Reviews should help a consumer to make a purchasing decision. Hence, individuals should be able to filter reviews by expectation keywords. For example, if I were to be in the market for a pair of headphones, I might be looking for accurate sound reproduction and a balanced, neutral sound signature. Other users may judge headphones on quantity of bass. By using keywords like ‘neutral’, ‘balanced’, ‘accurate’, I should be able to bring up only those reviews where the reviewer was also looking for these things. Then, by looking at their answers to Q2, I’d have a pretty good idea of whether the product was what I was looking for.

Of course, this is an early idea and can be improved upon. Perhaps one or two more Likert-based questions could be added to establish, for example, things like reliability. Still, I believe this would be miles better than the 5-point system that most websites seem to be employing right now.

 

4 thoughts on Towards a better review system

  1. Alternative reasons why you have a skewed distribution of product reviews:
    1. Natural selection. Poorly selling products stop selling and you’re left with the good ones hence skewed reviews.
    2. Vast majority of products are cheap and simple, with a basic function. Having a 5 star rating system for a battery is pointless, it’s a binary assessment. It either works or doesnt. This could explain the average skew.

    Problems with your idea:
    1. Anything that takes that long will be filled out by less people. Less reviews is less information and less utility as a review system.
    2. Your review system doesn’t give the buyer an opportunity to comment on things other than the product. Delivery price, speed, quality of packaging, customer service etc may also play into an overall rating. This is important as product as a whole.

    • I would, in general, reject the natural selection idea. Rather, it’s more likely that people only post reviews when they have something very positive or very negative to say.

      Agree with the basic function explanation. I think though that that is more grounds for an expectation based review e.g. Expectation = functional battery that doesn’t explode. Meets expectation = yes/no.

      Length: In order to leave a review on Amazon, for example, you need to come up with a star rating and write something. That’s a scale-based rating and some text entry. With the two item version I’ve proposed, that’s still the same. It won’t take longer. If people want to skip the text entry and leave an expectation score on a Likert scale, this is no more effort than providing a star rating.
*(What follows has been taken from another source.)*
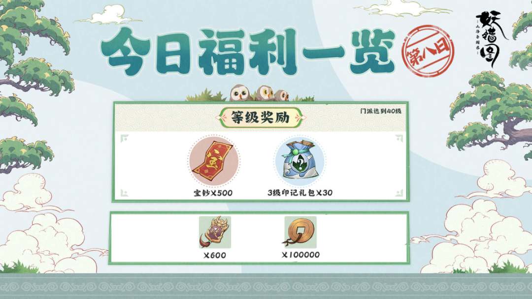 今日门派达到上限的掌门可以获得500宝钞与3级印记礼包,还有600个改命券和10万铜币哦!

      Other things: A product rating is separate from a seller rating, and in this respect I am focusing only on the former. A pair of headphones receiving 1 star ratings because the seller doesn’t send them out on time is not a fair reflection of the product. On the other hand, if the original packaging a product is supplied in is insufficient, then this is something that can contribute to a downward revision of outcome relative to expectation.

  2. Neel, thanks for the article. I find this topic really interesting, and as someone who is annoyed by the uselessness of the 5-star rating I fully support your efforts towards designing a more useful rating system. Another potential upside of the system you are suggesting might be an integration with a recommender system that could give you better suggestions based on keywords from the reviews of products you bought or viewed previously. Improved recommender system might lead to more purchases.

    • Good point. With expectation keywords, you could be shown a list of ‘best-matching’ products based on the proportion of reviewers that share your expectations and found that they were met.